Why could this not be extended to all changing rooms? And make swimming pools & gyms “costumes optional”? Really, where is the problem. What do you mean “It’s not nice!”; “It would be a rampant orgy” or “There’ll be two rapes an hour”? That’s just rubbish. Think about it …
- Give or take the odd scar (and scars tell interesting stories), we all know what’s under your t-shirt and jeans, my t-shirt and jeans. So we can hardly claim to be surprised.
- We all know that people have hairy bits, and some people shave them – just like some men shave their faces and others have beards.
- We all know that women have periods, get pregnant, go through the menopause; and we all know men have erections (sometimes involuntary). Again, we can hardly claim to be surprised.
- At some point in our lives (and for many of us, most of our lives) we’re going to live with, or at least flat share, with someone of the opposite sex – even the homosexuals (of both genders) and asexuals are likely to do so somewhere along the way. So we have “domestic exposure” to the opposite sex in a non-partnered, non-family, situation, and it isn’t a sexual free-for-all.

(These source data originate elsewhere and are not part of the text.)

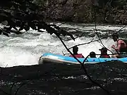 The Watauga also has a section of Class IV-V whitewater popular with expert kayakers, upstream of Watauga Lake.[3] This section requires significant rainfall to bring it up to runnable levels. It features continuous steep boulder bed rapids dropping up to 150 feet per mile (28 m/km), and several falls and ledges only runnable by expert paddlers.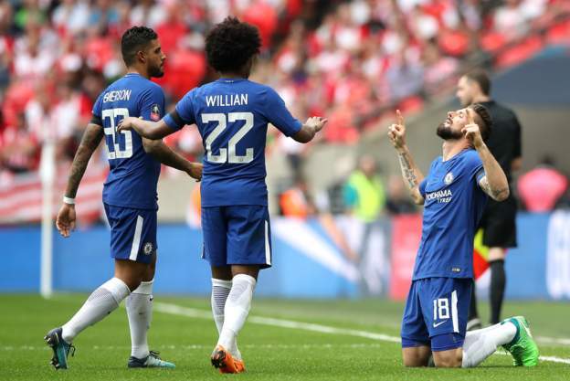 “吉鲁在足总盃中代表切尔西又进球了。在我看来,吉鲁持球时间有点太长了,但他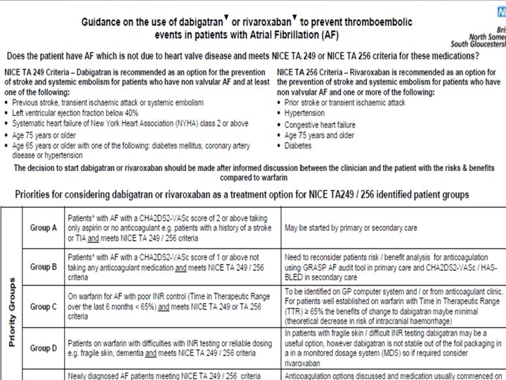 • Importance of stroke prevention in NV-AF patients • ✤ Overview of new treatments available • ✤ Efficacy, clinical & safety data • ✤ Treatment pathways and guidelines (BNSSG) • & • REAL LIFE CASES
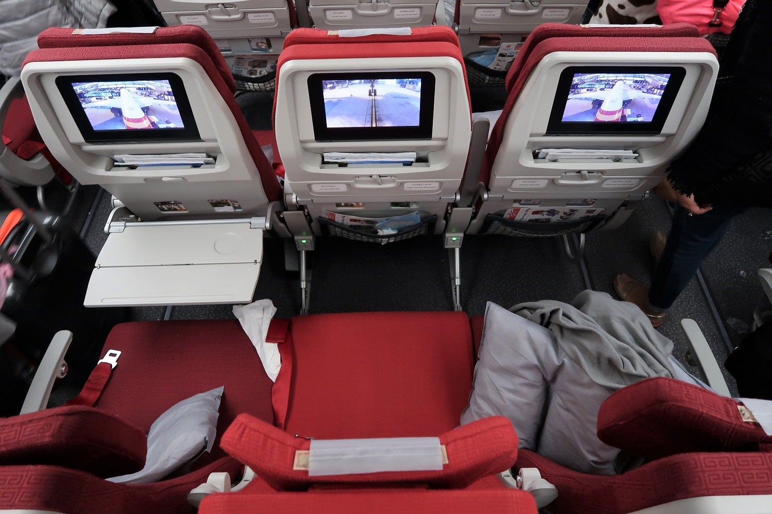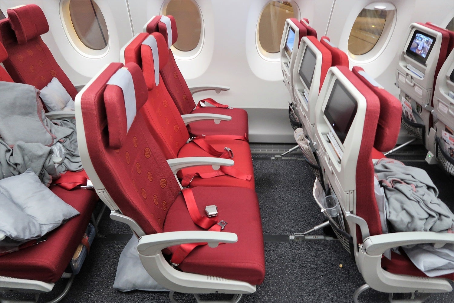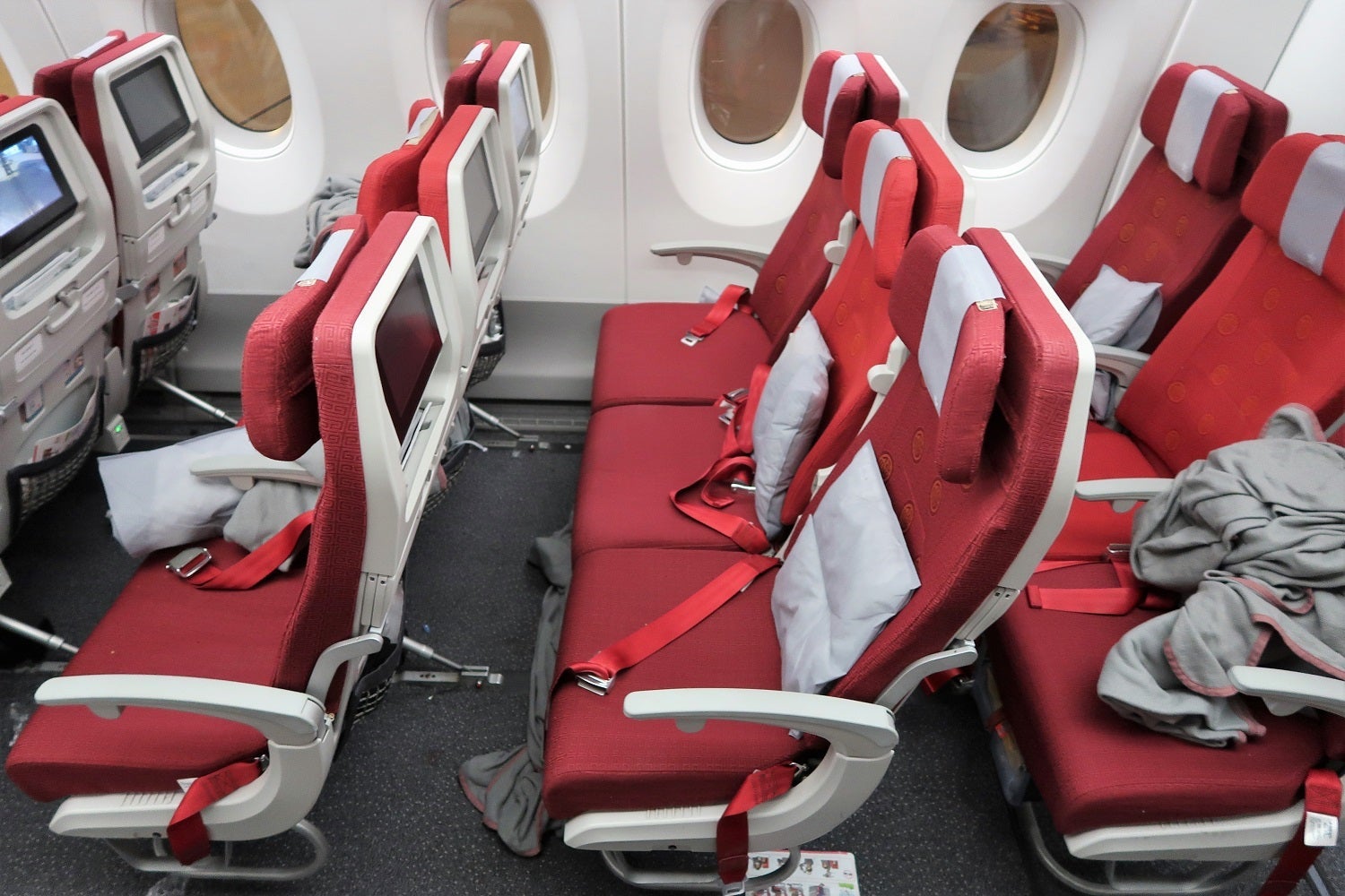 Economy class was split across two large cabins of almost completely 3-3-3 seating. (Most of the photos are from after the flight because the passport situation at boarding.)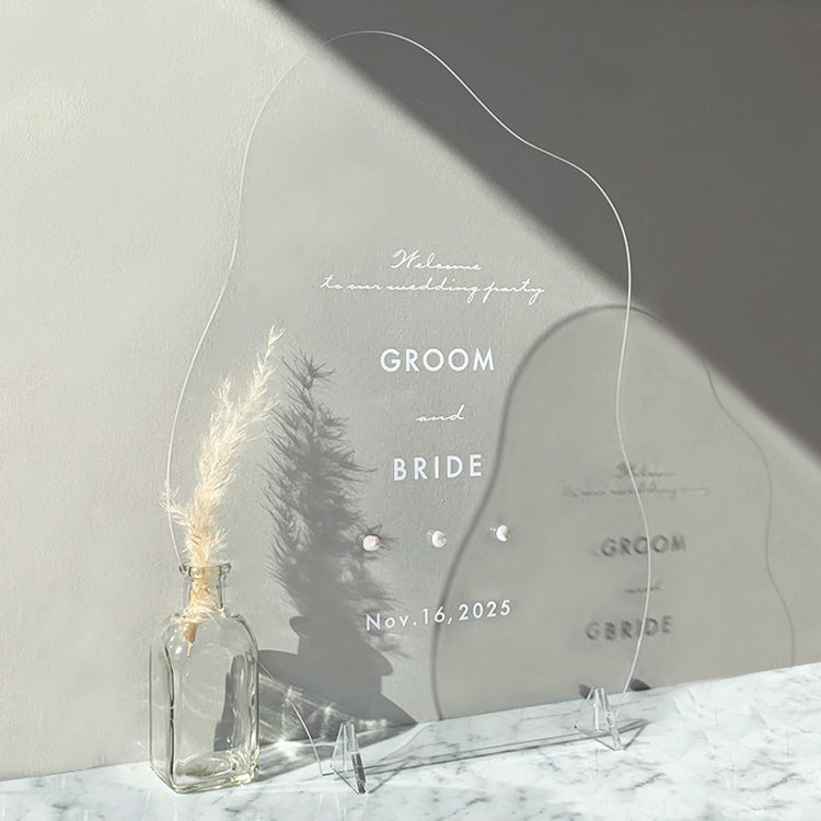 ウェーブの形が今どきらしいデザインのウェルカムボード。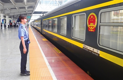 5月25日,工作人员在南宁站为准备开行的列车执勤。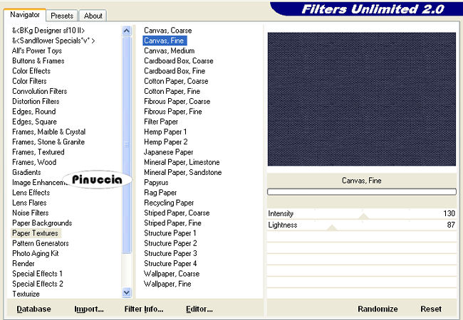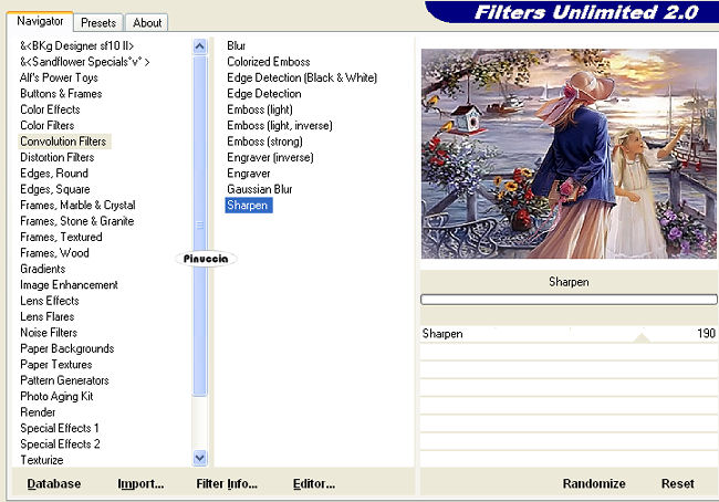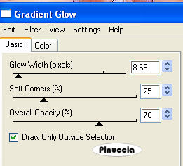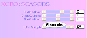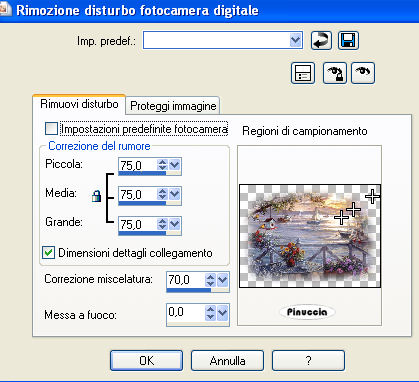 qui puoi trovare qualche risposta ai tuoi dubbi. Se l'argomento che ti interessa non è presente, ti prego di segnalarmelo. Questo tutorial è stato scritto con Corel X2. Per tradurlo, ho usato PSP X. Occorrente: Materiale qui Filtri: Digital 55mm Tools qui Filters Unlimited 2.0 qui Eye Candy 4000 qui Xero qui in alternativa al filtro 55mm ho usato, oltre a un effetto del filtro xero: Adjust Variation qui Apri una nuova immagine trasparente 700 x 500 pixels. Selezione>Seleziona tutto. Apri il tube Sea Treasures_Misted by Kathy_Kms, e vai a Modifica>Copia. Torna al tuo lavoro e vai a Modifica>Incolla nella selezione. Selezione>Deseleziona. Attiva lo strumento Puntatore ![]() Deformazione se stai usando PSP 9.e ingrandisci l'immagine. ![]() Regola>Rimozione disturbo fotocamera digitale. ![]() Livelli>Nuovo livello raster. Imposta il colore di primo piano con #aaa0b1. Riempi il livello con il colore di primo piano.Livelli>Disponi>Porta sotto. Apri il tube della bambina e vai a Modifica>Copia. Torna al tuo lavoro e vai a Modifica>Incolla come nuovo livello. Immagine>Ridimensiona, al 70%, tutti i livelli non selezionato: ![]() Attiva lo strumento Pennello Clonazione ![]() e cancella il cestino appeso al braccio della bambina. per fare questo devi scegliere un colore sul vestito della bambina e cliccare con il tasto destro del mouse su un punto di questo colore, quindi clicca con il tasto sinistro del mouse sul cestino: questo prenderà il colore che hai scelto. Ricorda che se sbagli o non sei soddisfatto del risultato puoi sempre annullare con Modifica>Annulla... e ripetere. Pressappoco questo dovrebbe essere il risultato: ![]() Quando hai finito, se necessario, puoi ritoccare un po' la clonazione con lo strumento Sfumino ![]() Apri il tube farandaway~mistye, e vai a Modifica>Copia. Torna al tuo lavoro e vai a Modifica>Incolla come nuovo livello. Immagine>Rifletti. Regola>Rimozione disturbo in un passaggio. Sposta il tube vicino alla bambina.![]() Livelli>Unisci>Unisci visibile. Effetti>Plugins>Filters Unlimited - Convolution Filters - Sharpen 190. ![]() Effetti>Plugins>Digital Film Tools 6, 55mm, Gamcolor Cinefilters: questo è il settaggio usato dall'autrice del tutorial: ![]() Nel mio esempio non ho usato questo filtro perchè non ce l'ho e non intendo comprarlo. In alternativa, ho continuato così: Effetti>Plugins>Adjust>Variation, 1 clic su Cyan, 2 clic su Red, 1 clic su Lighter. Effetti>Plugins>Xero - Seasons: ![]() Effetti>Plugins>Filters Unlimited - Color Filters - Desaturate - 30. ![]() Regola>Messa a fuoco>Metti a fuoco. Livelli>Nuovo livello maschera>Da immagine. ![]() Apri il menu sotto la finestra di origine e seleziona la maschera "mascara". ![]() Livelli>Unisci>Unisci gruppo. Livelli>Nuovo livello raster. Imposta il colore di primo piano con #35384f, e riempi il livello con questo colore.Effetti>Plugins>Filters Unlimited - Paper Textures, Canvas Fine: ![]() Livelli>Disponi>Porta sotto. Attiva il livello superiore. Effetti>Plugins>Eye Candy 4 - Gradient Glow: ![]() Immagine>Aggiungi bordatura, 2 pixels, simmetriche, con il colore #252735. Effetti>Plugins>Xero - Porcelain, con i settaggi standard. ![]() Firma il tuo lavoro e salva in formato jpg. ![]() Se hai problemi o dubbi, o trovi un link non funzionante, o anche soltanto per un saluto, scrivimi. 8 Giugno 2008 |

- We have to live and work in a mixed community. And, if we think about it at all, we all recognise that clothing is actually much more sexual than nudity. Men are not rampant sex maniacs; neither are women. Nudity is much more boring than clothing; and a great social leveller – no fashion etc.
Yes, of course we would have toilet cubicles with doors, and maybe even a few cubicles for those who feel an overwhelming need for modesty when changing (transgender people in transition, perhaps). Beyond that where is the need? Really?
OK I’ll buy that it would be strange at first and take time for people to become accustomed; but over time, as younger generations are increasingly brought up this way, and the rest of us adjust, it would be a natural part of life. Think how the Scandinavians find mixed saunas perfectly normal.
And from there it would be only a short step to the acceptance of public nudity as a lifestyle choice.